How far from the base of the bubbler (the bottom of the bubbler that is screwed on to the riser) should it extend above the dirt. I am trying to keep them close to the dirt so the water pressure available is not trying to push water up all these risers. Each tree is supposed to get about 3 gallons of water twice a week. I have 10 trees on one line and 10 on the other. The bubbler says 2.5 gpm per minute so I am going to adjust them down with the adjusting knob and just let the timer run longer. The ones I have installed are about 2" above the dirt to the bottom of the bubbler.
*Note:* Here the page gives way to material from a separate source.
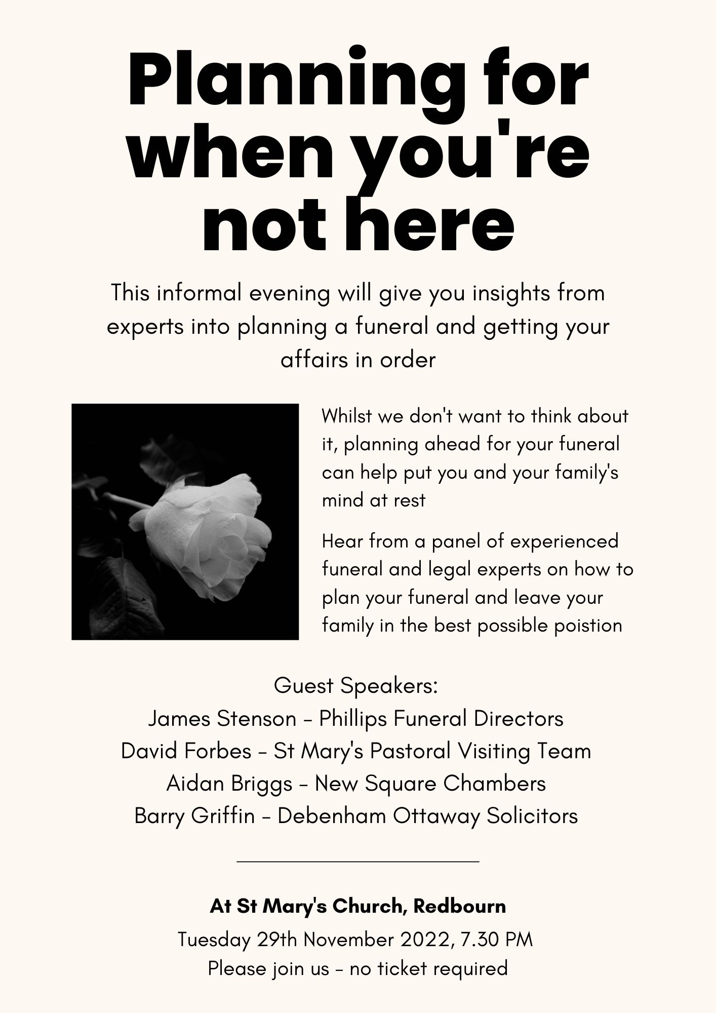 This informal evening will give you insights from experts into planning a funeral and getting your affairs in order.

When I get everything flowing I can watch but I am curious now and I wanted to see if someone knew. 
I used to have sprinklers that watered these same flower beds and some trees before and had no problem with lack of pressure. But I think these bubblers put out more water per minute. Any thoughts?


----------



## user1007 (Sep 23, 2009)

Your problem is probably not lack of pressure but lack of water flow with so many bubblers on one line. You can get flow rate from your water company or measure it yourself with a bucket and a stop watch. Just close off all water flow and then open a hose bib to fill a bucket. Extrapolate to get your GPM flow rate. Typical residential is 8-12GPM as I remember. If you have 10 bubblers on each circuit you are trying to draw way more water than you have available! You may have to put them on more circuits.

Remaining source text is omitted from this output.